### [Records from a data collection]

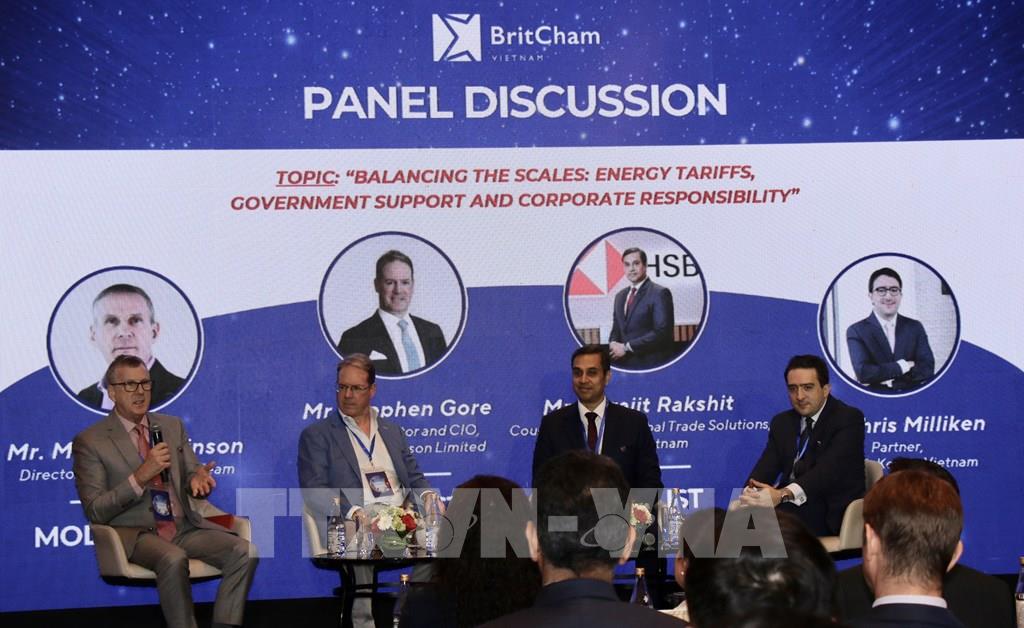 Các diễn giả tham gia phiên thảo luận với chủ đề tương lai của năng lượng tái tạo ở Việt Nam. Ảnh: Hứa Chung-TTXVN
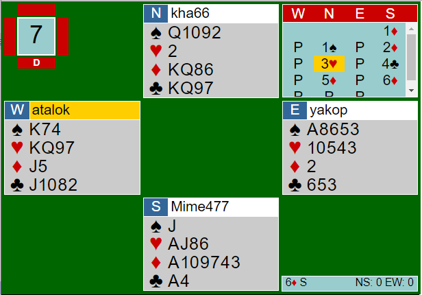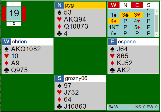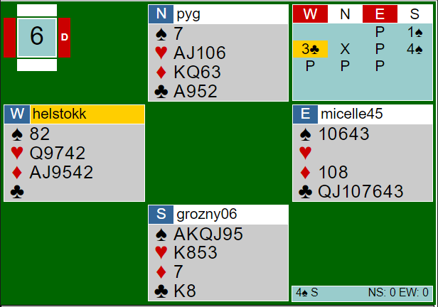 Ved det andre bordet meldte Meckstroth-Rodwell 6 grand etter en sterk 1 kløveråpning fra syd og naturlig, svakt innhopp 2 ruter fra vest. Da spillefører tippet hjerteren noterte han tretten stikk siden vest lå unna med esset i første ruterrunde, LEVINE +1020. Spillet ga hele 15 IMP inn for LEVINE.
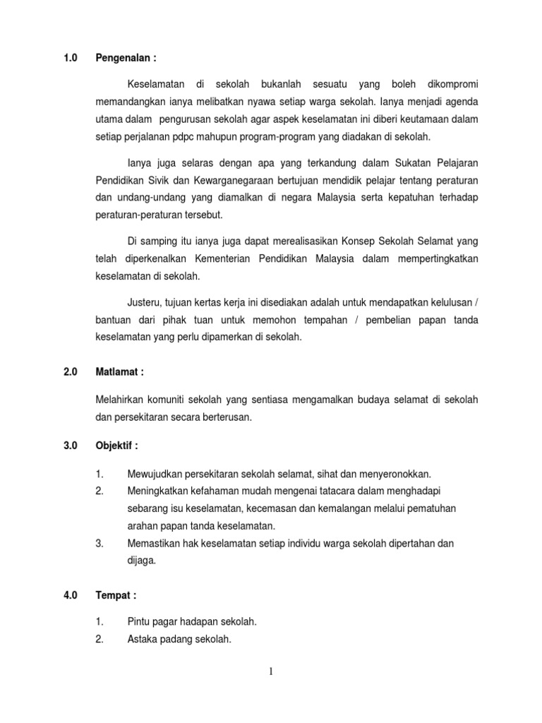Kertas Kerja Pembelian Papan Tanda Keselamatan Sekolah 2018 Pdf
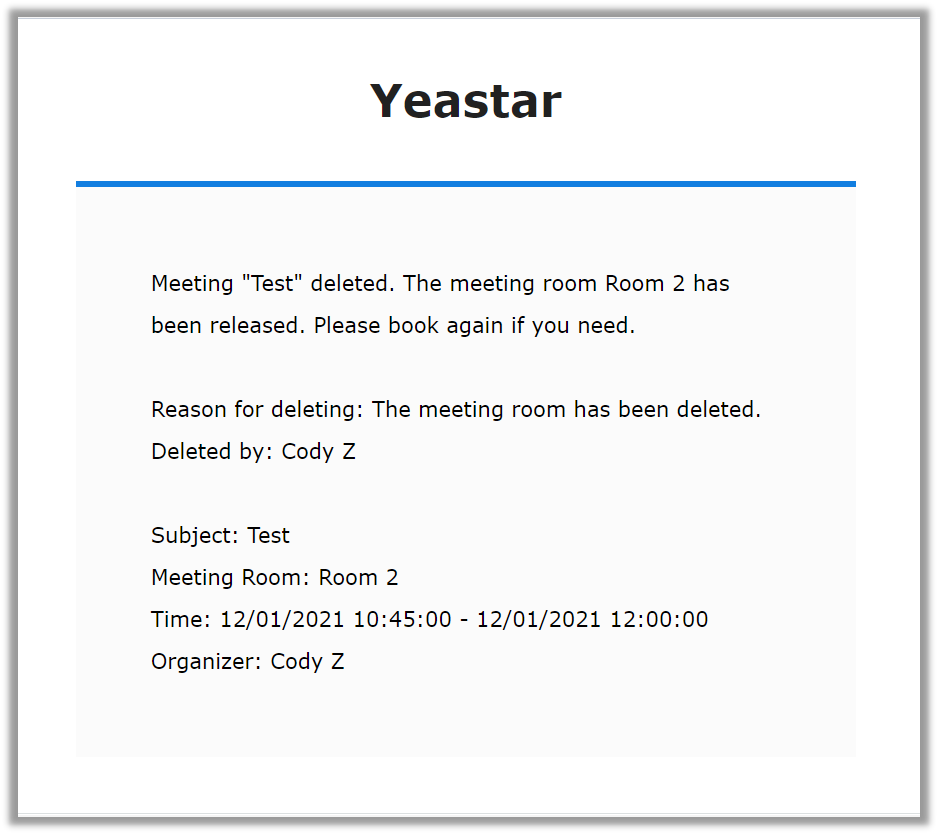 When a meeting room is no longer available, you can delete it to avoid the hassle of canceling room bookings.
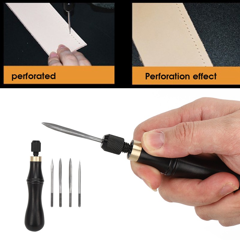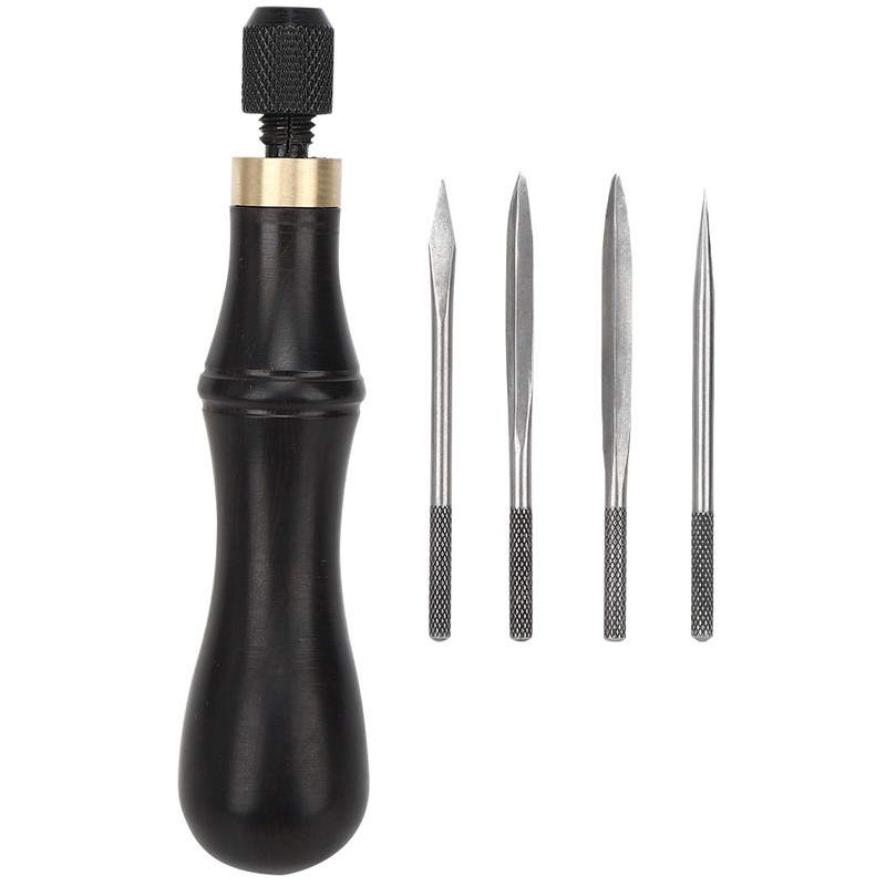 4 in 1 Stitching Awl Kit Ebony Handle DIY Leather Fabric Hand Craft Sewing Tool
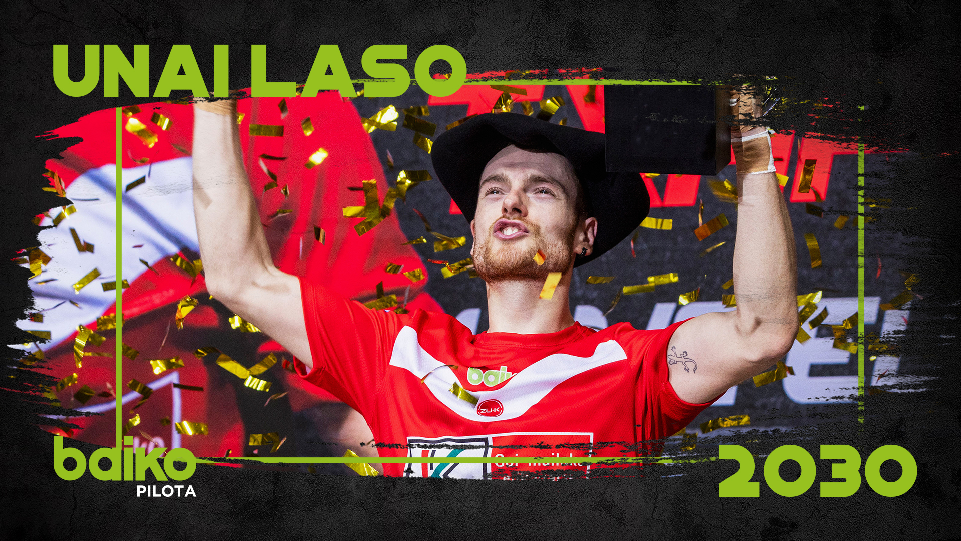 Unai Laso firma así para seis años hasta diciembre del 2030. Desde su debut en el 2016 Laso ha disputado seis finales, repartidas en las tres modalidades, y ha conquistado dos txapelas. En el 2022 se hizo con el Campeonato Manomanista tras superar a Ezkurdia en la final. Y en el 2024 Laso ganó una emocionante y disputada final a P.Etxeberria en el Campeonato 4 1/2 Eusko Label.
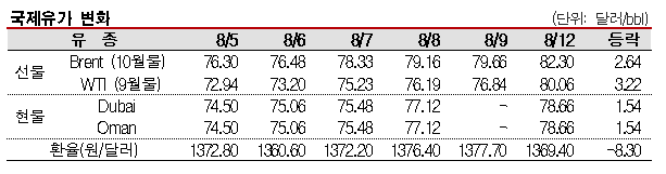 8월12일 국제유가는 중동지역 충돌 우려가 확대되며 폭등했다. 국제유가는 이란이 이스라엘에 대한 보복을 준비한다는 소식이 알려지며 하루만에 3.3% 이상 폭등했다. 표, 그래프: <국제유가 변화> <화학저널 2024/08/13> |
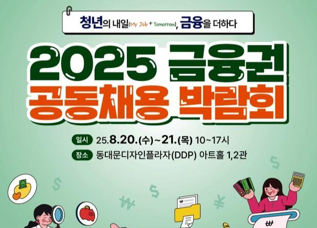 청년 구직자와 금융기관을 연결하는 국내 최대 금융 취업 행사 `2025 금융권 공동채용 박람회`가 8월 20일부터 서울 동대문디자인플라자에서 열린다.
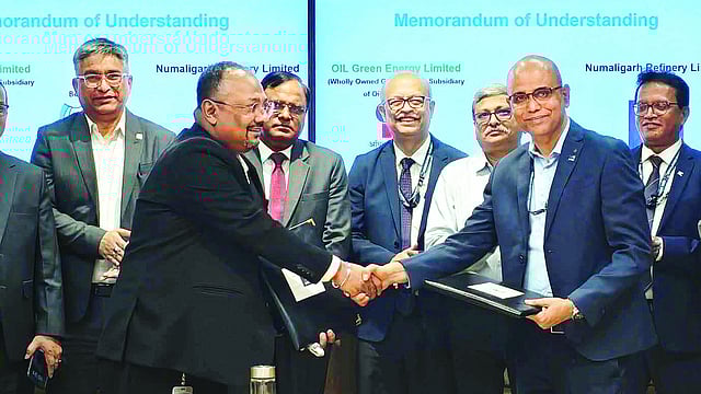 BOKAKHAT: The Numaligarh Refinery Limited (NRL) has taken a significant step towards a sustainable energy transition by signing a Memorandum of Understanding (MoU) with Oil Green Energy Limited (OGEL) on Monday. OGEL is a wholly owned subsidiary of Oil India Limited. The MoU was signed by Rupam Kumar Sarma, General Manager (Technical Services), NRL, and Rajeev Kumar Tamuli, General Manager, OGEL. The primary objective of this agreement is to collaborate on the development, procurement, and supply of renewable energy, ensuring adequate availability of green energy for NRL in the future.
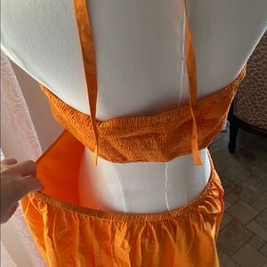 Topshop Cotton Poplar Maxi Orange Cutout Vacation Dress NWOT Medium

### [WORK REQUIRED]
Every line of the records above should be reproduced exactly, with no pictures included.

### [SOLUTION]
 Các diễn giả tham gia phiên thảo luận với chủ đề tương lai của năng lượng tái tạo ở Việt Nam. Ảnh: Hứa Chung-TTXVN
 Ved det andre bordet meldte Meckstroth-Rodwell 6 grand etter en sterk 1 kløveråpning fra syd og naturlig, svakt innhopp 2 ruter fra vest. Da spillefører tippet hjerteren noterte han tretten stikk siden vest lå unna med esset i første ruterrunde, LEVINE +1020. Spillet ga hele 15 IMP inn for LEVINE.
Kertas Kerja Pembelian Papan Tanda Keselamatan Sekolah 2018 Pdf
 When a meeting room is no longer available, you can delete it to avoid the hassle of canceling room bookings.
 4 in 1 Stitching Awl Kit Ebony Handle DIY Leather Fabric Hand Craft Sewing Tool
 Unai Laso firma así para seis años hasta diciembre del 2030. Desde su debut en el 2016 Laso ha disputado seis finales, repartidas en las tres modalidades, y ha conquistado dos txapelas. En el 2022 se hizo con el Campeonato Manomanista tras superar a Ezkurdia en la final. Y en el 2024 Laso ganó una emocionante y disputada final a P.Etxeberria en el Campeonato 4 1/2 Eusko Label.
 8월12일 국제유가는 중동지역 충돌 우려가 확대되며 폭등했다. 국제유가는 이란이 이스라엘에 대한 보복을 준비한다는 소식이 알려지며 하루만에 3.3% 이상 폭등했다. 표, 그래프: <국제유가 변화> <화학저널 2024/08/13> |
 청년 구직자와 금융기관을 연결하는 국내 최대 금융 취업 행사 `2025 금융권 공동채용 박람회`가 8월 20일부터 서울 동대문디자인플라자에서 열린다.
 BOKAKHAT: The Numaligarh Refinery Limited (NRL) has taken a significant step towards a sustainable energy transition by signing a Memorandum of Understanding (MoU) with Oil Green Energy Limited (OGEL) on Monday. OGEL is a wholly owned subsidiary of Oil India Limited. The MoU was signed by Rupam Kumar Sarma, General Manager (Technical Services), NRL, and Rajeev Kumar Tamuli, General Manager, OGEL. The primary objective of this agreement is to collaborate on the development, procurement, and supply of renewable energy, ensuring adequate availability of green energy for NRL in the future.
 Topshop Cotton Poplar Maxi Orange Cutout Vacation Dress NWOT Medium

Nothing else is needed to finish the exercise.